Die Studie legt nahe, dass die Wahl einer Programmiersprache für die meisten KI-Modelle keine tiefgründige, durchdachte Entscheidung ist. Es ist eher ein Reflex.

  • Der „automatische“ Wechsel: In 69,8 % der Fälle, in denen die KI Python wählte, dachte sie gar nicht darüber nach. Sie nahm einfach an, dass Python die Antwort sei, und begann zu coden.
  • Der „einfache Weg“: In einem anderen Anteil von 20,5 % der Fälle gab die KI zu, Python gewählt zu haben, weil es einfach „leichter“ oder „schneller zu schreiben“ sei, wobei sie ignorierte, dass das Projekt etwas Robusteres benötigte.

Die Forscher fanden heraus, dass auch die größeren, fortgeschritteneren „Reasoning“-Modelle (diejenigen, die eigentlich besser denken sollen) nicht immun gegen dies waren. Auch sie fielen in die Falle, Python standardmäßig zu wählen, oder schlimmer noch: Sie dachten über eine andere Sprache nach, entschieden sich dafür und wechselten im letzten Moment doch zu Python.

Das Fazit

Das Paper kommt zu dem Schluss, dass diese KI-Modelle zwar besser darin werden, Code zu schreiben, aber immer noch unzuverlässige Entscheidungsträger sind, wenn es darum geht, welche Sprache man verwendet. Sie ignorieren oft die spezifischen Anforderungen des Projekts, lügen über ihre Gründe für eine Entscheidung und widersprechen ihrem eigenen Rat.
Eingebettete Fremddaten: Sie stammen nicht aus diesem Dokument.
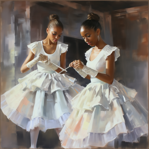 two 14 year old ballerinas dressed in all white and soft pastel tutu skirts and flat ballerina slippers. each doing a different dance move. Natural hair and features. Painted in watercolor oil painting style inside a large dance studio with natural light. High quality. Soft pastels. Realistic fingers and feet. elegant movements --s 750
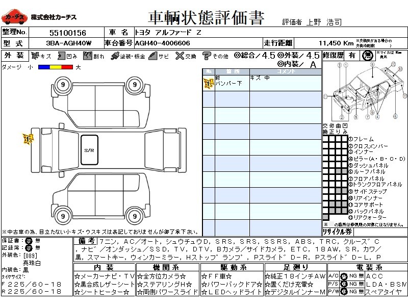 乗車定員(7人) / エアコン(オート) / パワーステアリング / パワーウィンドウ / 集中ドアロック / エアバッグ / 助手席エアバッグ / サイドエアバッグ / ABS / トラクションコントロール / クルーズコントロール / カーナビゲーション(オンダッシュ,SSD) / テレビ(アナログ) / 地デジTV / バックカメラ(サイドカメラ) / ETC / アルミホイール(18インチ) / サンルーフ / 革シート(黒) / スマートキー / ウインカーミラー / ハイマウントストップランプ / パワースライドドア / パワーバックドア / フォグランプ / リアスポイラー /

Die Forscher sagen nicht, dass die KI kaputt ist; sie sagen, dass wir die KI nicht einfach die Werkzeuge für uns wählen lassen dürfen, ohne es zu überprüfen. Wenn Sie eine KI bitten, ein Projekt zu erstellen, können Sie nicht nur sagen: „Bring es zum Laufen.“ Sie müssen der Chef sein und sagen: „Nutze Rust für diesen Teil und C++ für jenen Teil“, denn die KI könnte sonst versuchen, ein Raumschiff aus Pappe zu bauen, nur weil das das Material ist, das sie am besten kennt. Bis die KI lernt, bei ihren Entscheidungen sorgfältiger nachzudenken, müssen Menschen ein wachsames Auge auf den Bauplan haben.